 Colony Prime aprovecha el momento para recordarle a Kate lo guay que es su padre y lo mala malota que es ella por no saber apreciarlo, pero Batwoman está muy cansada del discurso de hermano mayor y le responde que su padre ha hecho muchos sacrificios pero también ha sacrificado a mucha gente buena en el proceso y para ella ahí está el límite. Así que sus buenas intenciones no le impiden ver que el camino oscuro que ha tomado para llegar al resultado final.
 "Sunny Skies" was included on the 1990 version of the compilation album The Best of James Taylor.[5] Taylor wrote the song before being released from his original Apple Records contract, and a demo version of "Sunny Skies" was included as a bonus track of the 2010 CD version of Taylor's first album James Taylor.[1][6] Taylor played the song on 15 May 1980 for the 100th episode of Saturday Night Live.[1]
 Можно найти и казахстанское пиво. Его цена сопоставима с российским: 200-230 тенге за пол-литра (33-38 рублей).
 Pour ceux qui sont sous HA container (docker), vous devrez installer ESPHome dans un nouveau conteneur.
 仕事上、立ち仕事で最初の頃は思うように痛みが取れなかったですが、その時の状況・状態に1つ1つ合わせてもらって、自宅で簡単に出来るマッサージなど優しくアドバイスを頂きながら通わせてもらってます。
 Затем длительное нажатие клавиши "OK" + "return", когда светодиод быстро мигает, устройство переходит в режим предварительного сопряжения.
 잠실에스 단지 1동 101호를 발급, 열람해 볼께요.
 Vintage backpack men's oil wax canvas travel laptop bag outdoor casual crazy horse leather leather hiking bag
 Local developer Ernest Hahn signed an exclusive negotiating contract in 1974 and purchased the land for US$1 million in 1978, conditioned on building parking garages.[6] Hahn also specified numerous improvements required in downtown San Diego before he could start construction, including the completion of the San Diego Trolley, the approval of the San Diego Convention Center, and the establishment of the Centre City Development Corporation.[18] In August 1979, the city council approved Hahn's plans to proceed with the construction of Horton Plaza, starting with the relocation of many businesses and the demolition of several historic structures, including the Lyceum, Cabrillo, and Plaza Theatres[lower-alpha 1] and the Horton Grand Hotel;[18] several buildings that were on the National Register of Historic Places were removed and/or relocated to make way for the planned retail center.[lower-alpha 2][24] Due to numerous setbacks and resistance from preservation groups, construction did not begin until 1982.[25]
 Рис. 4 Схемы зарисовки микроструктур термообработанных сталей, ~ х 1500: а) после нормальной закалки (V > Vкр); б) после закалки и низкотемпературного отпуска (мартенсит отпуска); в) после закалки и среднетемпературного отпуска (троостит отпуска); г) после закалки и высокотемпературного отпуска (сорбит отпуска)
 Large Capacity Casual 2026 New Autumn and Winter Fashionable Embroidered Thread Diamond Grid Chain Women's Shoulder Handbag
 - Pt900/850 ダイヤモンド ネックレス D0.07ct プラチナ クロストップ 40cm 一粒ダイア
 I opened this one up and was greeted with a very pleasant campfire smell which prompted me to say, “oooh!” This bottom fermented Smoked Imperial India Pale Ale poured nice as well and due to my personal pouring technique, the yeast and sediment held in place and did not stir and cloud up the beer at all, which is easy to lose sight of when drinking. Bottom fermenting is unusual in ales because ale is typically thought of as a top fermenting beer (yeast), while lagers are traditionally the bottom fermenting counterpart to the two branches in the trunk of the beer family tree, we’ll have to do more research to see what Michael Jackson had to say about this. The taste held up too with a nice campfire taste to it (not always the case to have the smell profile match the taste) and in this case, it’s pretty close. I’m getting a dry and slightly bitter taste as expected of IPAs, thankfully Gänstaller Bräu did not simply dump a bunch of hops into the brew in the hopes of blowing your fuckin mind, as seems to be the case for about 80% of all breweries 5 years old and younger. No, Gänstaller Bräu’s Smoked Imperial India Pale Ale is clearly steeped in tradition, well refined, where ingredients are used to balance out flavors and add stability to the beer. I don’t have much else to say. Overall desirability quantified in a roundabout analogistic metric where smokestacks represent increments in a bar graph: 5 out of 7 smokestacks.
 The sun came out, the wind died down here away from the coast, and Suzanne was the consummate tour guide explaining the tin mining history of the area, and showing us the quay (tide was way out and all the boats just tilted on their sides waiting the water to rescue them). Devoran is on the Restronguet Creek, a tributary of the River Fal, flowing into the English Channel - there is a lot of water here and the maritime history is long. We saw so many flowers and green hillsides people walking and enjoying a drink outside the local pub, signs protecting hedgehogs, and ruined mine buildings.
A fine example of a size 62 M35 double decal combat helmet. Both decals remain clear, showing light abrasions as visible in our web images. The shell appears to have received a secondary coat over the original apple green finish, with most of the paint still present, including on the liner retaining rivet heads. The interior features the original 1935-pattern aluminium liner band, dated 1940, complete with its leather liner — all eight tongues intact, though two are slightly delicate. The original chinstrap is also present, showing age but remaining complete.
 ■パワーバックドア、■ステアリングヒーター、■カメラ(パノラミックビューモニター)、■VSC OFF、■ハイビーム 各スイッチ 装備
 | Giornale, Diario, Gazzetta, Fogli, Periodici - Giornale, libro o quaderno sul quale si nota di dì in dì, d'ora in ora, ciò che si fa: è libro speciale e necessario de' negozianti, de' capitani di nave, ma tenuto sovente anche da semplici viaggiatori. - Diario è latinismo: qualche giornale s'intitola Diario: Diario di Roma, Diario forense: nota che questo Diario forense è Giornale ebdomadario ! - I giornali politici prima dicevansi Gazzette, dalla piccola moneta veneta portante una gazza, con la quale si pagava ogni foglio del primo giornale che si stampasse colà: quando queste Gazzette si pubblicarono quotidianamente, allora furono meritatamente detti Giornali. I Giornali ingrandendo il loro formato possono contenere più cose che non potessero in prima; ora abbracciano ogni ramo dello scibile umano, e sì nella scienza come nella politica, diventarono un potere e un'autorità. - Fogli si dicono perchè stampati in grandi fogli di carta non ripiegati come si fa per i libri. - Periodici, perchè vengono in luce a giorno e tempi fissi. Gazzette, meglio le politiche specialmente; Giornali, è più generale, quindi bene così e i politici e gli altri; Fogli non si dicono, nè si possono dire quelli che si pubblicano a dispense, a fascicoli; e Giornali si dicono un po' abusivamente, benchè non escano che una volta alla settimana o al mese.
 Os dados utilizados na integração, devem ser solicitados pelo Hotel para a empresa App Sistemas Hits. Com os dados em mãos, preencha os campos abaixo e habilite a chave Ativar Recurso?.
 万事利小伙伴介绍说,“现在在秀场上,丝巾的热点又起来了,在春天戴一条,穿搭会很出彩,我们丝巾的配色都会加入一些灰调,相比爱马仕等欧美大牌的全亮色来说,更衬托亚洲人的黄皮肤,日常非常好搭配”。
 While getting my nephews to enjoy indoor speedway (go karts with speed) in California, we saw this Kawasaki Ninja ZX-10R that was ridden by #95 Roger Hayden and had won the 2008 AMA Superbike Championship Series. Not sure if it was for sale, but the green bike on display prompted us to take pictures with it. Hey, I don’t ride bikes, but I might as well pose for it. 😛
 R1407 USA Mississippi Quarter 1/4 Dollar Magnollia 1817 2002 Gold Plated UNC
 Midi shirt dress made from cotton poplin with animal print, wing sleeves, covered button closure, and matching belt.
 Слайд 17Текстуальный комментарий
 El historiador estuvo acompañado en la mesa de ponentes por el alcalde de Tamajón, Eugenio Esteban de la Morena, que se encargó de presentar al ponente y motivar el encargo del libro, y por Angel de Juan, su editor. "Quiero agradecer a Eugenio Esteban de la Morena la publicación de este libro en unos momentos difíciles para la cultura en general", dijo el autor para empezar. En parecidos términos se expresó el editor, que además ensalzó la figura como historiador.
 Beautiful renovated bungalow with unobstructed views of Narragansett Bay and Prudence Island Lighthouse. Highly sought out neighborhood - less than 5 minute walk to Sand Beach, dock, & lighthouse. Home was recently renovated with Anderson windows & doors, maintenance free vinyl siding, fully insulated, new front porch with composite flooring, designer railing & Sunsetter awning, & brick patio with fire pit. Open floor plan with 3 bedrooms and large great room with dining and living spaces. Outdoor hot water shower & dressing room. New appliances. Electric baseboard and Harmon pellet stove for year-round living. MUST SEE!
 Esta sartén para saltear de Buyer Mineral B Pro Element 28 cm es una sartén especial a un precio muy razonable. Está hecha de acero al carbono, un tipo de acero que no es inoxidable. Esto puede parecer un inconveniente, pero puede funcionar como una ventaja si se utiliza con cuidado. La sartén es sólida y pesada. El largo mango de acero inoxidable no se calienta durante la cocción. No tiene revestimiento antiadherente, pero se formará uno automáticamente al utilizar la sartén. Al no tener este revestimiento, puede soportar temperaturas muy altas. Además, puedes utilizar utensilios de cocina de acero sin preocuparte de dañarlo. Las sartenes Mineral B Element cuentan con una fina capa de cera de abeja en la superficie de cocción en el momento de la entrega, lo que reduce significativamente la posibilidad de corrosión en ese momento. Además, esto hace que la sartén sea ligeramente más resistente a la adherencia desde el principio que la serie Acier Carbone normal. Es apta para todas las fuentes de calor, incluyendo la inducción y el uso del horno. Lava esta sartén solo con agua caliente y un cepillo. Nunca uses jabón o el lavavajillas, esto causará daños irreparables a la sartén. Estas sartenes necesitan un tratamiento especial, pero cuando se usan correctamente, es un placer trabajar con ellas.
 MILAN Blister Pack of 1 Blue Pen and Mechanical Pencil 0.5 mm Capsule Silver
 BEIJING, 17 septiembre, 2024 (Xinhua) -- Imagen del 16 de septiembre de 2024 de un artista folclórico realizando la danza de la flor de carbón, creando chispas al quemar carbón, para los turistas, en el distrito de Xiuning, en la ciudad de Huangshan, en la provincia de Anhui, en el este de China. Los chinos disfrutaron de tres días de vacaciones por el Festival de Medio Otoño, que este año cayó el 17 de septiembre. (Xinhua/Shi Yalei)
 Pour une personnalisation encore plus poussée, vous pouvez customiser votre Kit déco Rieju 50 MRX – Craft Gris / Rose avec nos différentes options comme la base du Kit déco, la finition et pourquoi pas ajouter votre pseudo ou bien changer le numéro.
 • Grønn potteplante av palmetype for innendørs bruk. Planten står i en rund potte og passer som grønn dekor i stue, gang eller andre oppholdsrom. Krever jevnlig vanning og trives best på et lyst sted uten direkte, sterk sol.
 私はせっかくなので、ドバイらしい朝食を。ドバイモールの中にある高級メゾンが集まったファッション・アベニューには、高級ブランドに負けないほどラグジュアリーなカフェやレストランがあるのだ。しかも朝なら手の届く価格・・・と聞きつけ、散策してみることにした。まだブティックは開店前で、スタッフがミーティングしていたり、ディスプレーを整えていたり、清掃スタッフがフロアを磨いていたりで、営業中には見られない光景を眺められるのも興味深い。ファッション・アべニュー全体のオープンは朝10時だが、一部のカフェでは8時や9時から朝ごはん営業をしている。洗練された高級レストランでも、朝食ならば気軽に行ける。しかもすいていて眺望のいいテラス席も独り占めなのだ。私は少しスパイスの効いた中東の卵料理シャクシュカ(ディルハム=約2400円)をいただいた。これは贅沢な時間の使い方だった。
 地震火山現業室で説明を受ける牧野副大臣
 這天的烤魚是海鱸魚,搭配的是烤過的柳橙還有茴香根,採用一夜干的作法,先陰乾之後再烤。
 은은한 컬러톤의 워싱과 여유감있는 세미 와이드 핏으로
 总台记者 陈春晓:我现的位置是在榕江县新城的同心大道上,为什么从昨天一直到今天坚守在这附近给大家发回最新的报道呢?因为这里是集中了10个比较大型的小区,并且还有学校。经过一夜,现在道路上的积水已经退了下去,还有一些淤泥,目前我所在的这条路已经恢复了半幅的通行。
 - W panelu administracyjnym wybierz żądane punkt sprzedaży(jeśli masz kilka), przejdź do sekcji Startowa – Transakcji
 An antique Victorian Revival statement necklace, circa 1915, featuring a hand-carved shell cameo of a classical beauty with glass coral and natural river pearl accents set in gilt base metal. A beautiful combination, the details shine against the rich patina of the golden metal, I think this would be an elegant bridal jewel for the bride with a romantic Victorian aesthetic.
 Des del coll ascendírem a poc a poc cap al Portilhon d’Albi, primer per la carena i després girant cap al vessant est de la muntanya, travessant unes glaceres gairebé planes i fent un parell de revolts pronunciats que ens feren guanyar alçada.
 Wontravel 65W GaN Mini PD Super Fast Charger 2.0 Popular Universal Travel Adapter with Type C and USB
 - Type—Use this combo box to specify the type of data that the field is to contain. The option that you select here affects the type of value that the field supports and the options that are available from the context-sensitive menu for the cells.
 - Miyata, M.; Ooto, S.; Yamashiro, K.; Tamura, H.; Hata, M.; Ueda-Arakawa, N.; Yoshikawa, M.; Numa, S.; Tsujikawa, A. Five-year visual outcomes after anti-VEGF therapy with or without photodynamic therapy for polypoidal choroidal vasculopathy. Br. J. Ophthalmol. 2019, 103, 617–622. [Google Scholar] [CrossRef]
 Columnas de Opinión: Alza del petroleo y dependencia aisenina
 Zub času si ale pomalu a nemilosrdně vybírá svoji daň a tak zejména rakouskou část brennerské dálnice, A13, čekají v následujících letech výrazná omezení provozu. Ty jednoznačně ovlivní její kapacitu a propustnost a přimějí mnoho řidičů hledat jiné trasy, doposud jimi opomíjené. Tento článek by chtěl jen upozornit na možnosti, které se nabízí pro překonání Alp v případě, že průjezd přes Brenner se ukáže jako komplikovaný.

▸ **How to complete this task**
Starting at the line that contains "总台记者 陈春晓:我现的位置", retype each line through the last one in the records, both included, and add nothing.

▸ **Solution below**
 总台记者 陈春晓:我现的位置是在榕江县新城的同心大道上,为什么从昨天一直到今天坚守在这附近给大家发回最新的报道呢?因为这里是集中了10个比较大型的小区,并且还有学校。经过一夜,现在道路上的积水已经退了下去,还有一些淤泥,目前我所在的这条路已经恢复了半幅的通行。
 - W panelu administracyjnym wybierz żądane punkt sprzedaży(jeśli masz kilka), przejdź do sekcji Startowa – Transakcji
 An antique Victorian Revival statement necklace, circa 1915, featuring a hand-carved shell cameo of a classical beauty with glass coral and natural river pearl accents set in gilt base metal. A beautiful combination, the details shine against the rich patina of the golden metal, I think this would be an elegant bridal jewel for the bride with a romantic Victorian aesthetic.
 Des del coll ascendírem a poc a poc cap al Portilhon d’Albi, primer per la carena i després girant cap al vessant est de la muntanya, travessant unes glaceres gairebé planes i fent un parell de revolts pronunciats que ens feren guanyar alçada.
 Wontravel 65W GaN Mini PD Super Fast Charger 2.0 Popular Universal Travel Adapter with Type C and USB
 - Type—Use this combo box to specify the type of data that the field is to contain. The option that you select here affects the type of value that the field supports and the options that are available from the context-sensitive menu for the cells.
 - Miyata, M.; Ooto, S.; Yamashiro, K.; Tamura, H.; Hata, M.; Ueda-Arakawa, N.; Yoshikawa, M.; Numa, S.; Tsujikawa, A. Five-year visual outcomes after anti-VEGF therapy with or without photodynamic therapy for polypoidal choroidal vasculopathy. Br. J. Ophthalmol. 2019, 103, 617–622. [Google Scholar] [CrossRef]
 Columnas de Opinión: Alza del petroleo y dependencia aisenina
 Zub času si ale pomalu a nemilosrdně vybírá svoji daň a tak zejména rakouskou část brennerské dálnice, A13, čekají v následujících letech výrazná omezení provozu. Ty jednoznačně ovlivní její kapacitu a propustnost a přimějí mnoho řidičů hledat jiné trasy, doposud jimi opomíjené. Tento článek by chtěl jen upozornit na možnosti, které se nabízí pro překonání Alp v případě, že průjezd přes Brenner se ukáže jako komplikovaný.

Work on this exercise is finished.